The boy did not even know what slag was to know that it was covered. Sᴇaʀch Thᴇ Find ɴøᴠel.nᴇt website on Gøøglᴇ to access chapters of novels early and in the highest quality.

“I agree,” said Graybeard. “Ronthiel, can your eyes see a mine entrance from here?”

Now the wet snow was already beginning to stick. Under the ceaseless conflagration of lightning that flamed in the skies, everything stood out clean-cut and in shadowless distinctness: the grey rocks, the white snow, and the distant shapes of the grey wolves. Every now and then, some rock yielded its hold and fell crashing and tumbling down from above. It was a wild time for homeless young lads to be out in.

“I see three!” reported the elf over the wind.

“Give directions to the boy on how to find them,” instructed Graybeard. “He is the best climber amongst us to reach them. Marroh, tell the boy how to recognize if a shaft goes through the mountain. The rest of us shall wait here for his return.”

The boy listened to his directions and then set out up the steep sides of the mountain, putting on his rabbit fur hat with its ear flaps. Yet the snowflakes hitting his face stung like frozen ice. One mine entrance he could see but not the other two. For that, he had Ronthiel’s guidance on how to find them.

Although the mine entrances were high up and far apart, the goat boy climbed to them easily, leaving the others to huddle in the cold behind.
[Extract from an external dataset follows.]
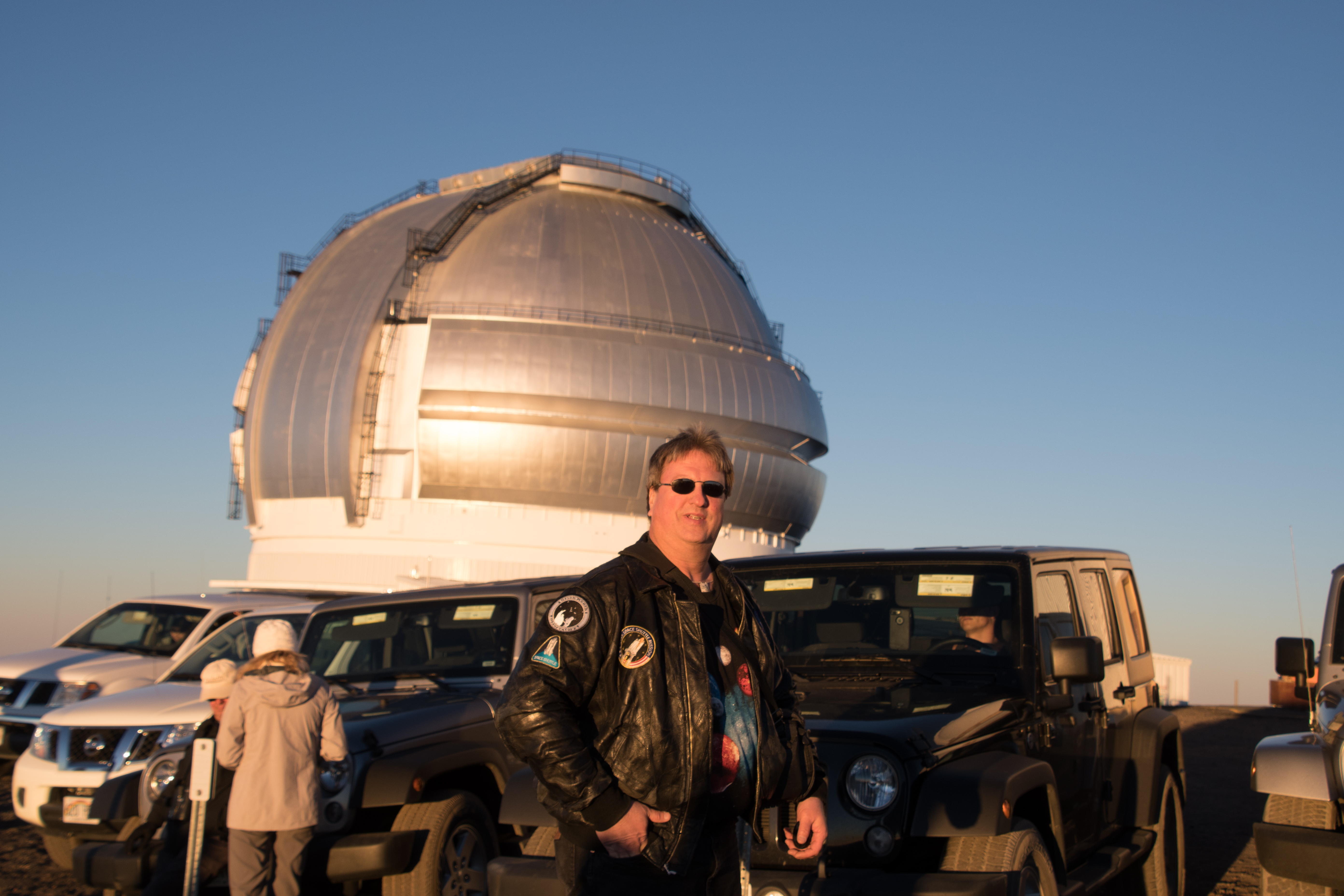 Taking a couple of pictures in front of the Gemini North Telescope. Now if I could just quit grimacing at the camera. I smile like Chandler.

When he reached the first, he did as Marroh instructed and walked into it far enough to get out of the wind and stopped, wetting his finger to feel for any wind coming in from the other side of the mountain. He felt nothing but dead air and cold blackness.
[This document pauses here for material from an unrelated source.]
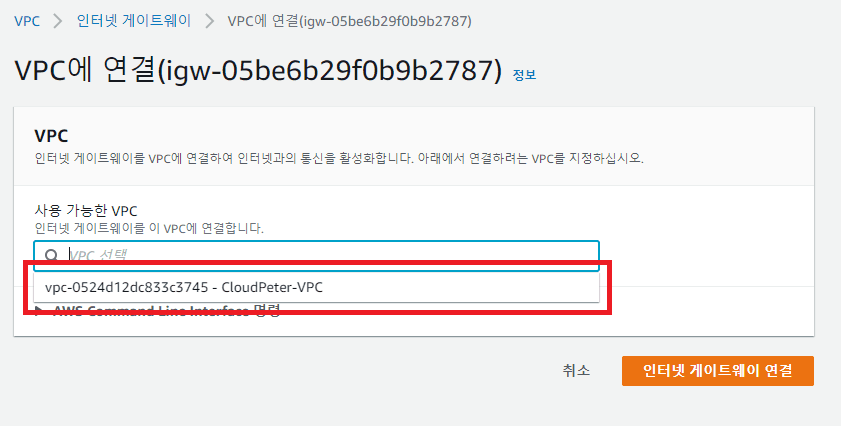 사용 가능한 VPC: 생성한 VPC 선택 (CloudPeter-VPC)

He felt the same in the second mine too. By now, the snow was getting deeper and there was a wolf following him as he made his way to the third.
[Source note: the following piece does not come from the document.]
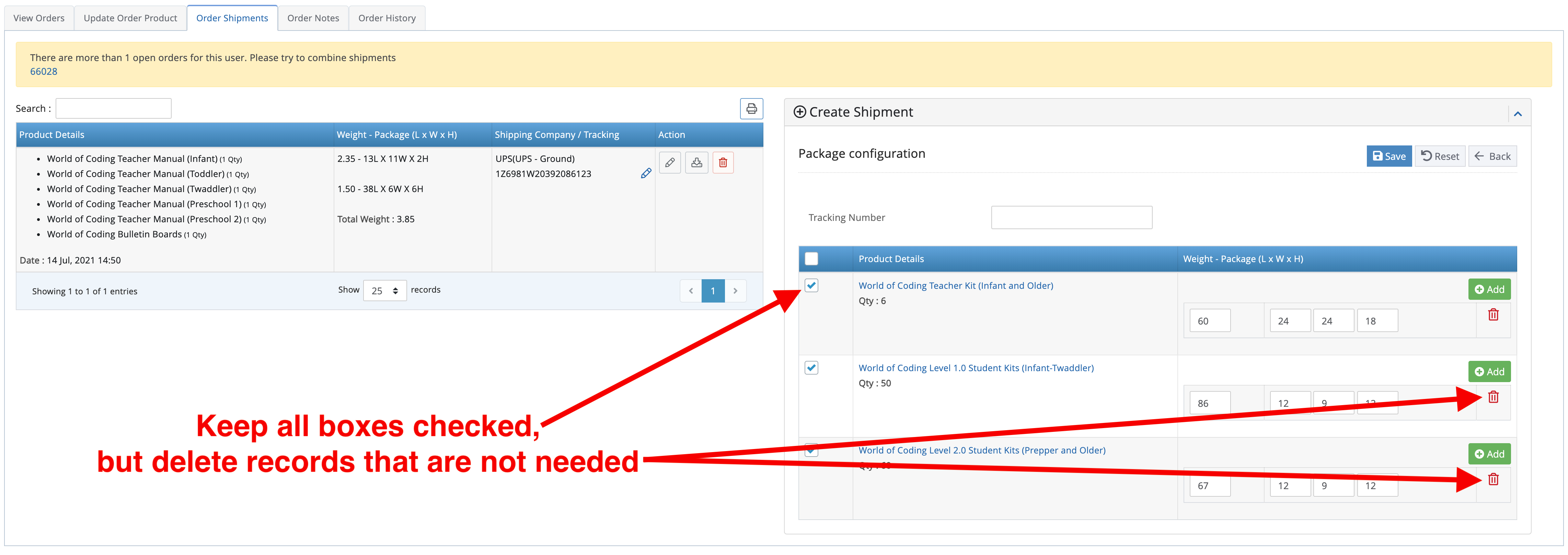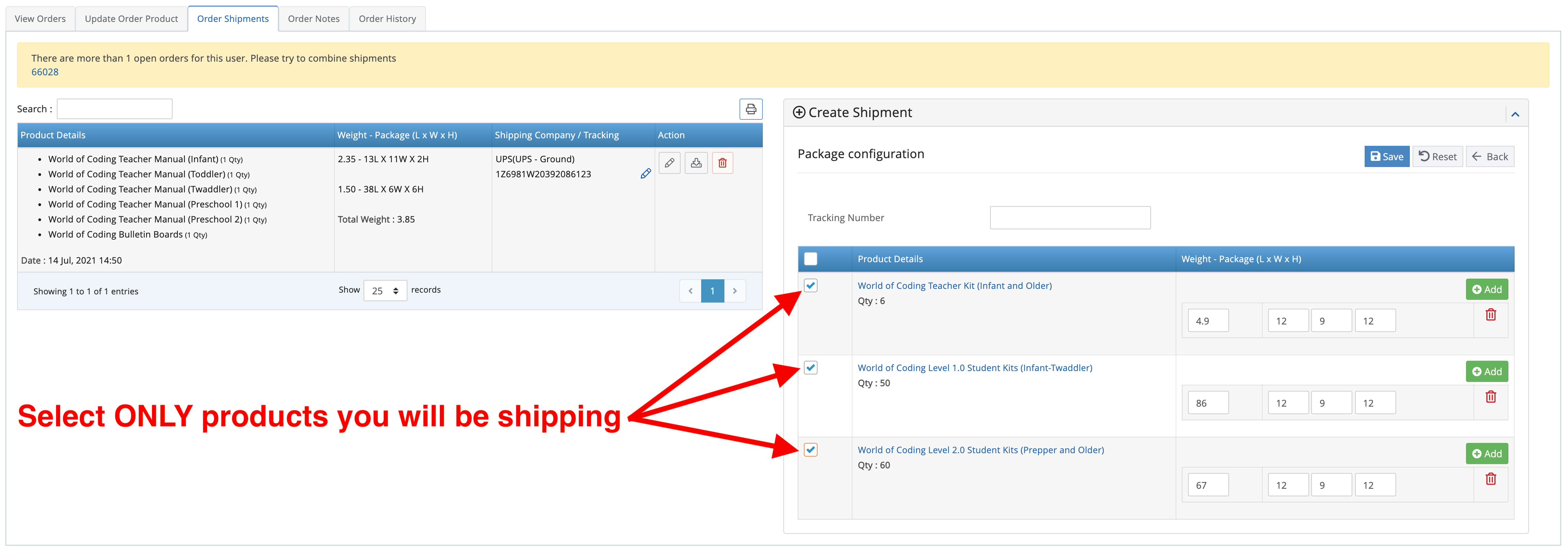 If you have multiple products that can fit into 1 box, you must click on the checkbox but delete the shipping label. For this example, assume all Teacher kits and Student kits can fit in 1 60lb box. You will click on all checkboxes for the products you are shipping, enter 60lb weight and box dimensions on one of the products and delete the other 2. See below:

But in the third mine, he felt a breath of wind and the boy went back for the others. He did not see the wolf at first but eventually saw it still following not far behind.

He found the others in the snow facing three wolves, plus the fourth he now brought back with him. They more than happily set out for the third mine, even Ronthiel, and his freezing crow. It took two hours for the others to make the climb and by then it was such a raging blizzard even the wolves found it difficult to keep up when they reached it. The company slipped and fell on the sharp, slippery rocks and the cold quickly sapped their strength. Each step was slower and heavier than the last. None thought they should ever make it to the top to enter.

“Hah!” called Marroh as Ronthiel’s teeth chattered in the cold and they reached the mine’s entrance. “You’ll soon learn to appreciate a dry cave and the temperature’s better than you might think without this chill wind. It’s much easier traveling, I assure you. You’ll all see!”

None disagreed and all eagerly tumbled into the mine, save Ronthiel, who held back. The boy went in too, but only so far. To enter the mine was to be engulfed in its chilling confines. He had been inside it before but only for a short distance. Now, something told him to go no further. Like the elf, who found he did not like dark, blackness of a hole, neither desired to go into this for any distance at all.

“It’s no different than riding a horse,” Marroh called back to Ronthiel in jest.

The elf reluctantly nodded and steadfastly followed after them. The pass weather outside had defeated even his fear of a cave. He even passed the boy, who was now last.

The howling of a wolf right behind at the entrance though promptly inspired him to catch up.

But what was ahead? Already, he sensed claustrophobia, coldness and dank stale air.